To do this, I went to my private repo, modified the helm values to set an email server and its credentials, and updated the deployment. I had assumed that the dashboards were saved into backing storage (like I would have done with Kustomize), and so updating the deployment would just load the dashboards again once it rolls out.

I pressed enter and 4 seconds later, I was notified that the deployment had completed successfully. I opened up the Grafana dashboard and was presented with a login screen.

Odd. I don't usually need to login to Grafana as I had a session token.

I logged in and noticed that the theme had changed back to the default (dark mode).

This is where my mind begins to panic.

I take a look at the dashboard list and realise they're all there; except for the ones I had created myself. The 10 minutes setting up the operator was there, but the 7 days making my dashboards were gone. S**t.

Unbeknownst to me, Helm had redeployed the entire operator. Meaning it wiped the slate clean and treated it like it was a completely new deployment. I had misunderstood the helm chart and assumed that it saved the configuration into storage, resulting in an iterative deployment.

This is my third mistake. Using tools I do not understand properly. Whether this is a misunderstanding of Helm, Kubernetes or something else; there is still a misunderstanding made.

The takeaway from all this.

So. I made a few mistakes. Let's cover them in a bit more depth so that you can recognise them in your team, and prevent them from happening.

Multiple tools for the same purpose

The first mistake I made was the use of multiple tools to perform the same task. While I'm not saying you should use one tool for everything, you should not aim to use multiple tools that do the same thing. An example of this would be using Ansible and Puppet. They are both configuration management tools. Unless you are doing something highly specialised that requires the use of multiple tools, try to stick to one.
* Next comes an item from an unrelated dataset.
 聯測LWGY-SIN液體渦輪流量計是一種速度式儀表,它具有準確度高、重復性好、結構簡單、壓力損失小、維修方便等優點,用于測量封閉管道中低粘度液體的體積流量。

This helps prevent knowledge of one leaking into the other and causing confusion and mistakes. In my case, I had assumed that the helm chart created storage for the Graphana dashboards (allowing them to persist) like I would have done for Kustomize.
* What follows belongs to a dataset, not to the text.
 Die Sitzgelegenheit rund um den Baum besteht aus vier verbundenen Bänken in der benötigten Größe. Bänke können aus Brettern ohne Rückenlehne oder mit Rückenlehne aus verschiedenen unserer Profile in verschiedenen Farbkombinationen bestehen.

90% IaC is not acceptable.

The next mistake was manual changes ontop of automated changes. I had defined 90% of my infrastructure as code, but the remaining 10% was what mattered the most.
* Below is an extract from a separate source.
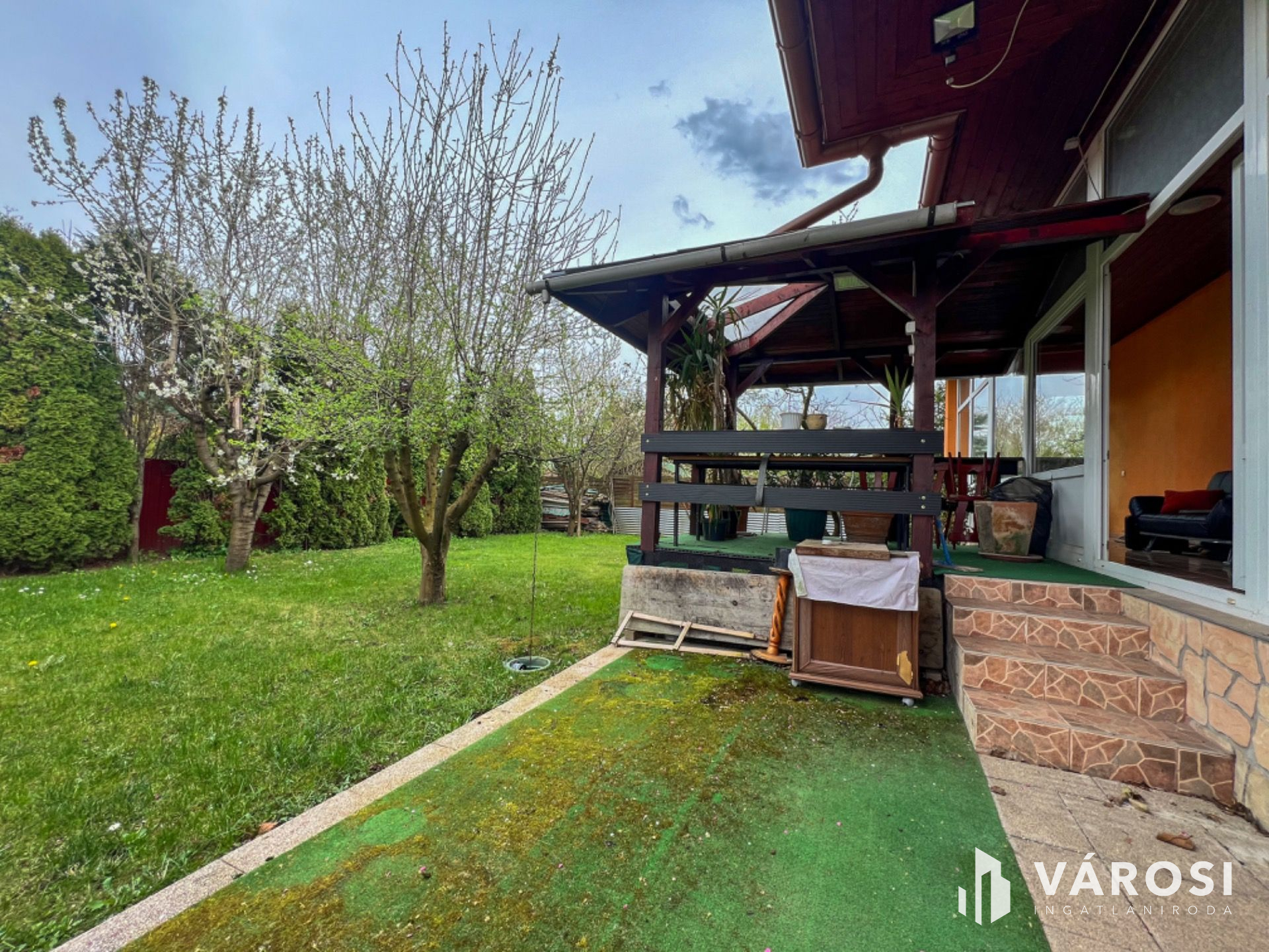 Az ingatlanhoz tartozó telek cca. 300 nm nagyságú, körbekerített, udvari gépkocsi beálló, nyitott terasz, kerti tároló, kemence, fúrt kút, tuják, gyümölcsfák találhatók.

The 10% in my case, was the custom dashboards I had created. For others, 10% could be code pipelines to deploy code. This kind of infrastructure is often easy to create, and incredibly hard to spot. Sometimes you make assumptions that the remaining 10% is not that important, but you won't realise that until it's gone. I'm not going to claim I'm a master at this by any stretch, but I'll try and give some tips on recognising it.

The first steps to recognising the hidden 10% are to deploy your infrastructure into a test environment with only the parts that are defined as code and compare it to what is actually deployed. This will give you a start into recognising what work needs to be done, and do not stop until you reach 100% and can prove it is 100%.

For some cases, 100% is not possible, and that can be ok. Mitigate against it by documenting the manual changes needed, and make sure that you can prove it.

Understand the tools you are using

This links back to my first mistake somewhat. But it is important to understand the infrastructure tools you are using. I'm not saying that you need to be the all-seeing guru of all things helm, but you should at least build up an understanding that allows you to do the most common tasks without needing to consult a guide. If the tool you are working with does something you did not expect, investigate why that happened and learn from it. Tools are not people, they will always do what you tell them to do. Do not sit idly and just think "oh nothing will come of that", because it can.

Next steps

Where do I go from here? I'm going to drop helm. It's great for some quick and small wins, but I do not want to be in a position where I am not in control of what I am deploying, and cause an issue like this again.
I'm probably going to wait for Openshift origin 4.4 to release (officially), and give it another go. Maybe I'll call this one Skylab. All I know is that from here I can only learn, and I hope you learnt something from this adventure too.